Le sondage express mis en place sur la lettre de DeplacementsPros du lundi 13 février dernier, est assez révélateur de la relation haine/amour qu’entretiennent les français avec Air France et plus particulièrement les voyageurs d’affaires. Certes, il ne s’agit pas d’une approche mathématique et scientifique de la question, mais d’un instantané réalisé à peine les perturbations aériennes finies.
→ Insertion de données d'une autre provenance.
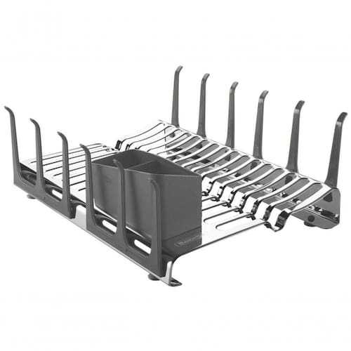 - Cor: Grafite;- Pés de silicone;- Altura: 16,5 cm;- Corpo em aço inoxidável;- Acabamento em alto brilho;- É possível acomodar 16 pratos e 12 copos, além de talheres e outros utensílios;- Porta-talheres e porta-copos de polipropileno, com encaixe no corpo do escorredor.- Foto meramente ilustrativa. Ean: 7891116100806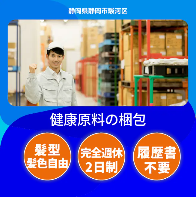 給与詳細 月収例 240,000円 日給例 12,000円 勤務地 静岡県静岡市駿河区 仕事内容 健康食品や美容サプリメントなどの目視検査、原材料の計量、原材料の運搬・機械導入など。部署担当によって異なります。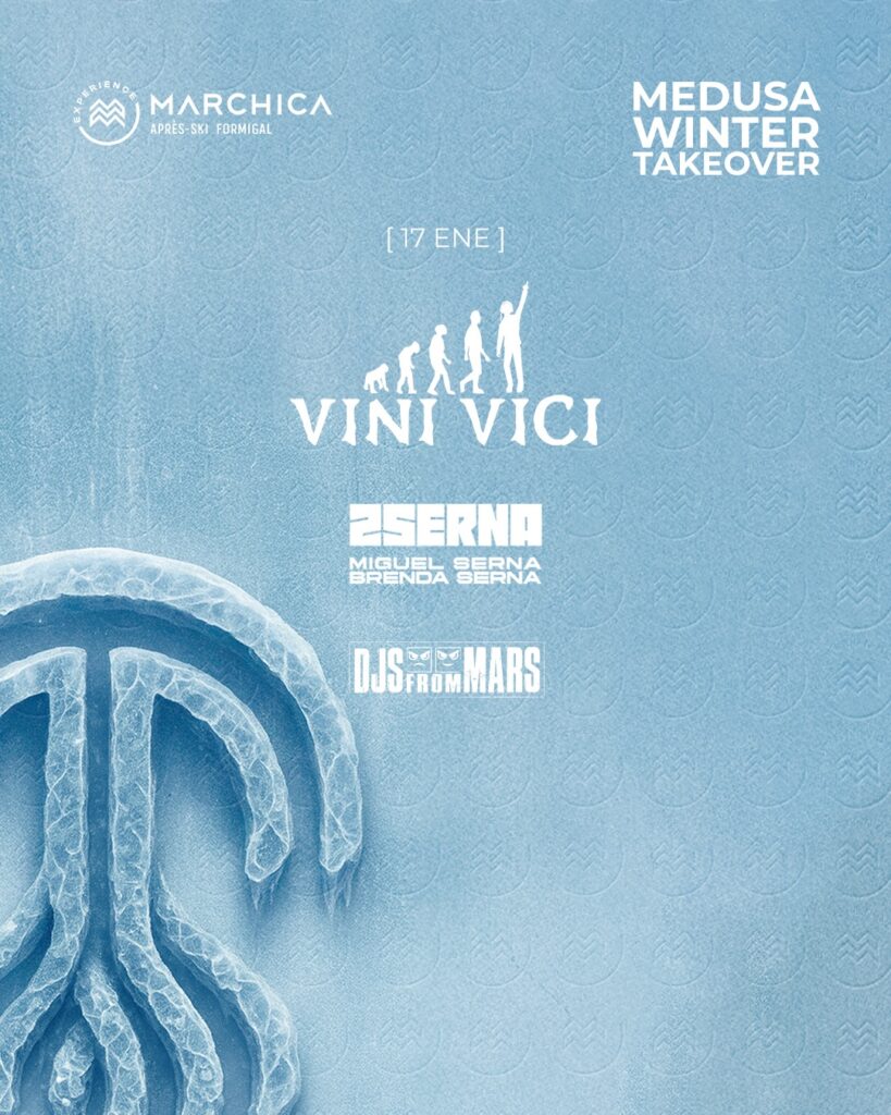 La cabina de Marchica contará con la presencia de Vini Vici, referentes absolutos del psy-trance a nivel mundial y actuales #32 en el Top 100 de DJ Mag, junto al dúo italiano DJs From Mars, conocidos por sus explosivos edits y remezclas de hits globales, habituales en los eventos de David Guetta en Ibiza.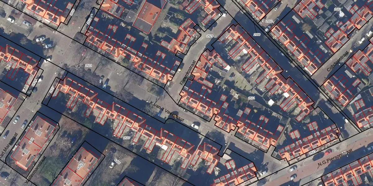Het perceel waarop K.van 't Veerstraat 41 staat heeft een oppervlakte van 3285 m². Dit is een zeer groot perceel. De perceeloppervlakte wordt geregistreerd door het Kadaster. Gedetailleerde informatie over de maten van dit perceel kunt u vinden in het rapport Kadastrale kaart met maatvoering van K.van 't Veerstraat 41.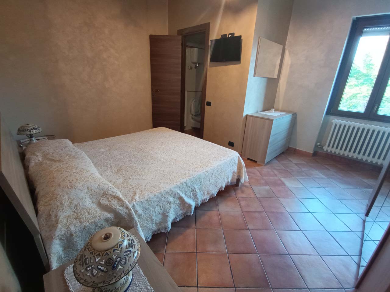 Camera ESTIA: accogliente rifugio con letto matrimoniale, bagno privato e doccia a cascata, arredi raffinati e ogni comfort per un soggiorno indimenticabile..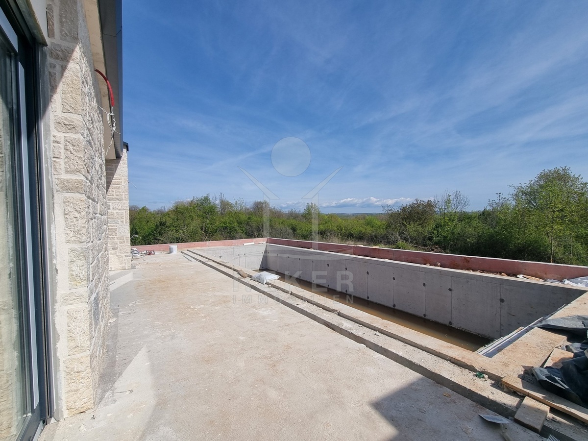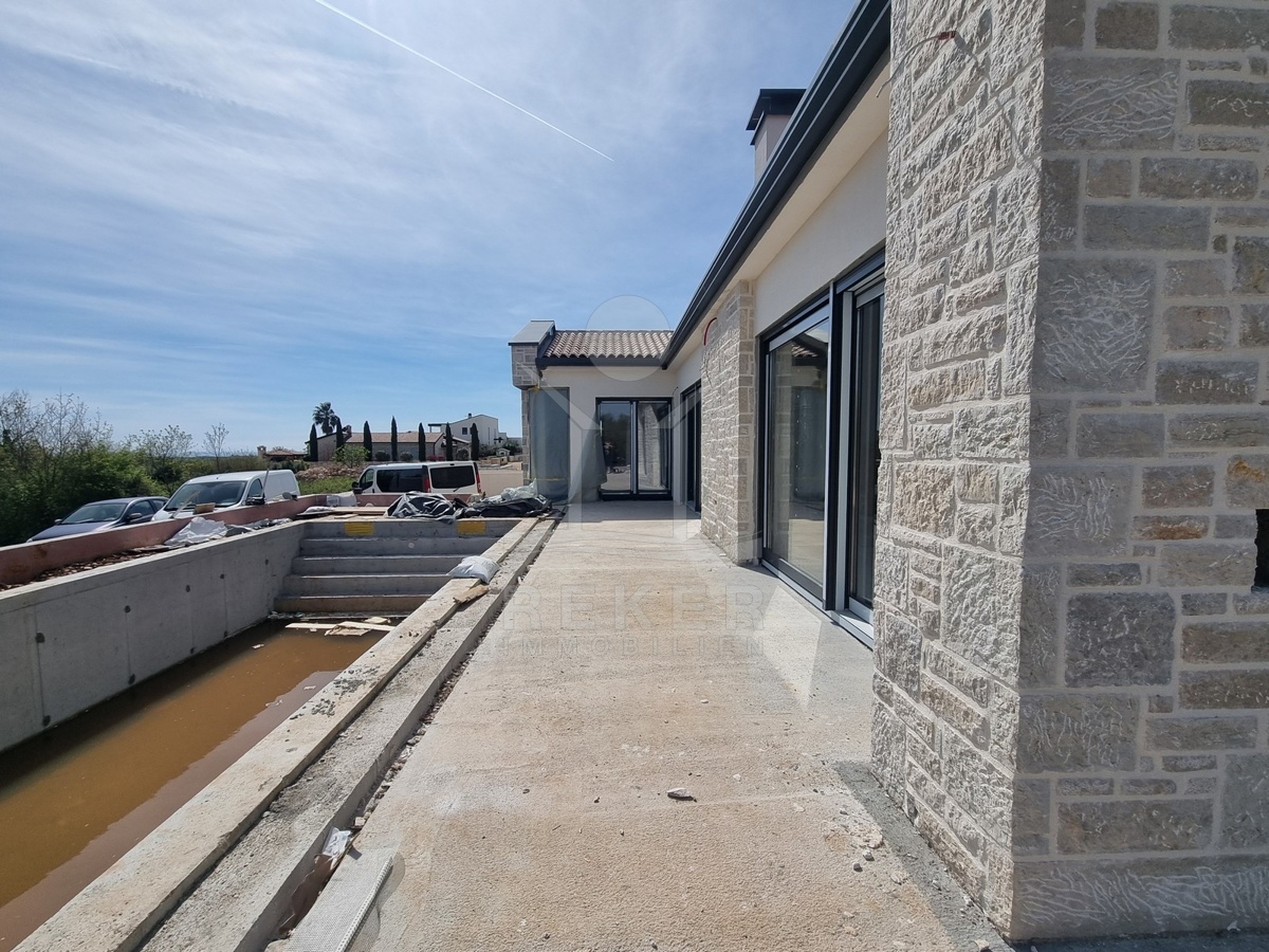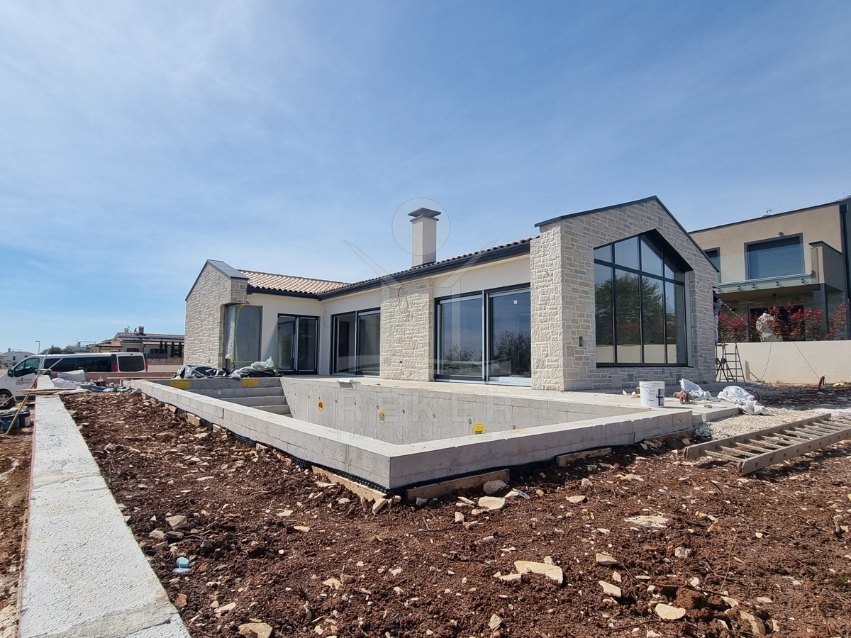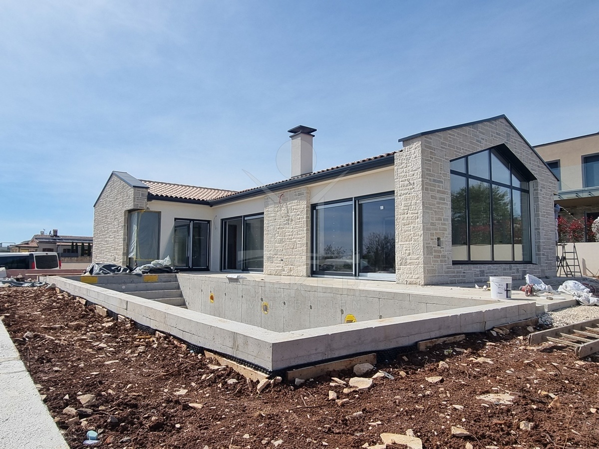 Am ruhigen Rand eines kleinen Orts bei Poreč liegt dieses freistehende Einfamilienhaus – nur drei Kilometer vom Meer entfernt. Die Umgebung ist grün, die Zufahrt bequem. Es gibt zwei Stellplätze direkt am Haus. Hier hört man eher Vogelstimmen als Autolärm. Kein Durchgangsverkehr, kein Trubel.

Globalement les voyageurs aiment Air France
Air France, dont le personnel n’était qu’un acteur de l’arrêt de travail sensé toucher tous les acteurs de l’aérien, a subi plus que d’autres compagnies les effets négatifs du mouvement. Et pourtant, c’est la compagnie qui a le plus communiqué pendant le mouvement. De fait, une fois informés, comme nous l’évoquions ici même, les voyageurs s’étaient préparés au mouvement et les « soucis » sont assez limités. C’est un peu ce qui ressort de ce sondage express. Je mets de côté ceux qui n’ont rien vu de la grève (3,65%) et qui avaient envie de traiter ce problème par l’humour, pour m’arrêter aux opposants bien décidés à rayer Air France de leur listing. Si j’ose dire, à peine 31 %. C’est peu et beaucoup à la fois. Et très franchement je ne sais pas comment analyser leurs réactions. Certes, les commentaires publiés à la suite des publications d‘articles sur DP sont parfois très durs, et on peut le comprendre. Mais faut-il y voir un simple sentiment de colère immédiate ou le signe plus profond d’une réelle opposition à la compagnie ? Je n’ai pas de réponse. D’autant que si l’on ajoute à ceux qui veulent toujours profiter des miles, 41,34 % tous ceux qui sont des inconditionnels de la compagnie française (24,01%), on arrive à une très large majorité de «Bof, c’est pas si grave» soit 65,35 %. Je ne me lancerais pas dans des commentaires de commentaires. Je constate, c’est tout. Comme vous, je me dis que cette compagnie à mieux à faire que se débattre dans ce qui m’est apparu comme un combat de castes. Je pense que la mission qui débute pour Alexandre de Juniac, et quels que soient les couacs rencontrés, doit s’inscrire dans le temps. Voltaire le disait, «La force de l’homme sur l’animal, c’est sa capacité à réfléchir, à avancer». Prenons-le au mot.